Но жить шитьемъ было не такъ легко, какъ она думала; платили очень мало; къ тому же у нея было меньше искусства и терпѣнія, чѣмъ у многихъ другихъ, и она зарабатывала очень мало. Надо было подумать о побочномъ заработкѣ и она искала этого заработка тамъ, гдѣ искали и другія швеи: на улицахъ города. Она выходила по вечерамъ на людныя улицы и мечтала подцѣпить молодого человѣка, который влюбился бы въ нее, взялъ бы ее на содержаніе и купилъ бы ей домикъ. Но такого не попадалось; а иногда никого не попадалось. Надо было провести безсонную ночь надъ шитьемъ, чтобы заработать себѣ обѣдъ на завтра. Глаза слипались отъ усталости, болѣла грудь и сердце ныло...
Въ такія минуты она чувствовала страшную ненависть ко всѣмъ тѣмъ женщинамъ, которыя имѣли мужей и считали себя честными. «Быть честной, живя чужимъ трудомъ — это такъ легко!» и она сумѣла бы также выйти замужъ и быть хорошей женой, если бы ее взяли. Она вспомнила молодаго парня и онъ вытѣснялъ изъ ея мечтаній того неизвѣстнаго молодаго барина, который долженъ былъ взять ее на содержаніе и она жалѣла о томъ, что не сумѣла такъ устроить, чтобы онъ женился на ней. Теперь ей приходится только мечтать о томъ, чѣмъ пользуются тысячи другихъ женщинъ. Ей становилось грустно; она вспомнила свою любовь, свое дѣтство и давала себѣ слово исправиться и перестать торговать собою...

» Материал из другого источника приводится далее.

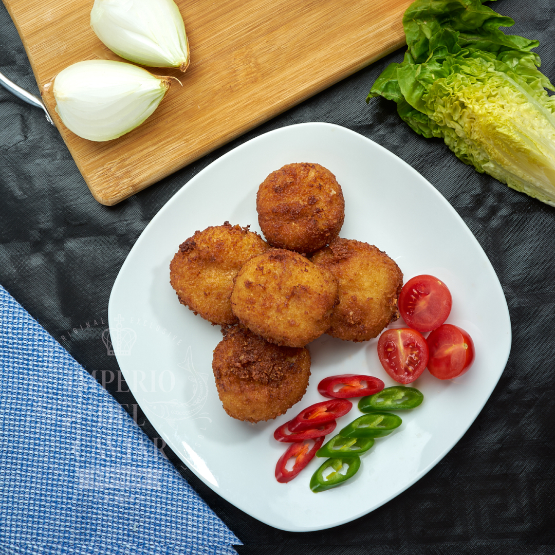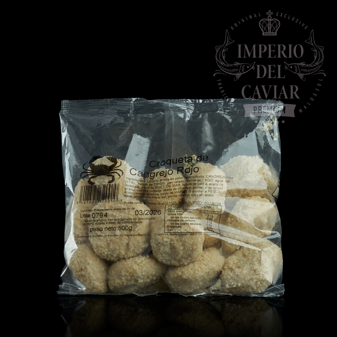 Leche entera en polvo hecha de cangrejos rojos 11%, harina de trigo, pan rallado (harina de trigo, agua, sal, levadura), corales de lubina, almidón, aceite de girasol, cebollas (cebollas, aceite de oliva, sal), ácido cítrico, gelatina, caldo de mariscos (contiene pescado), agua, almidón de maíz, sal, saborizante natural, ajo, pimienta. Puede contener trazas de soja, huevos y moluscos.

А на завтра нужда гнала ее опять на улицу. Всегда случалось, какъ на зло такъ, что въ тѣ минуты, когда ей хотѣлось вернуться къ честному пути, дѣйствительность показывала ей, что на этомъ пути гораздо больше терніевъ, чѣмъ на нечестномъ. На послѣднемъ иногда бывали удачи; случалось ей заработать 3—5 р. въ ночь, случалось, что ее угощали хорошимъ ужиномъ. Когда она думала о „честномъ пути“ труда и добродѣтели, воспоминаніе рисовало ей однѣ только непріятныя картины: зависимость, безсонныя ночи за шитьемъ, холодныя, нетопленныя комнаты, головныя боли, усталость, голодъ...

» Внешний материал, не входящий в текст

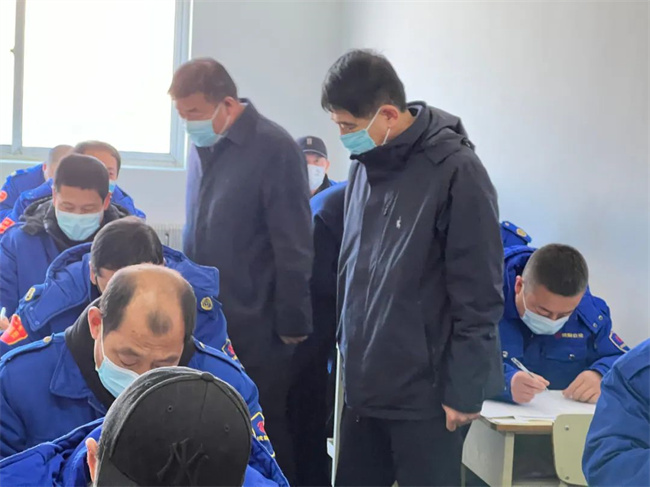 市城建交通農(nóng)林工會主席劉宗純在客運集團黨委書記董事長孟令軍的陪同下視察考場。

Но и на нечестномъ пути, по временамъ, приходилось очень туго: не достаточно было быть готовой продаться всякому встрѣчному, надо было еще умѣть это сдѣлать. И тутъ требовалось искусство и умѣніе. При томъ на улицахъ города, между падшими созданіями, шла такая же борьба, какъ и въ швейныхъ мастерскихъ, на фабрикахъ и заводахъ, въ людскихъ и лакейскихъ богатыхъ господъ; вездѣ, гдѣ трудъ былъ доступенъ женщинѣ. Таже конкурренція во всемъ и вездѣ!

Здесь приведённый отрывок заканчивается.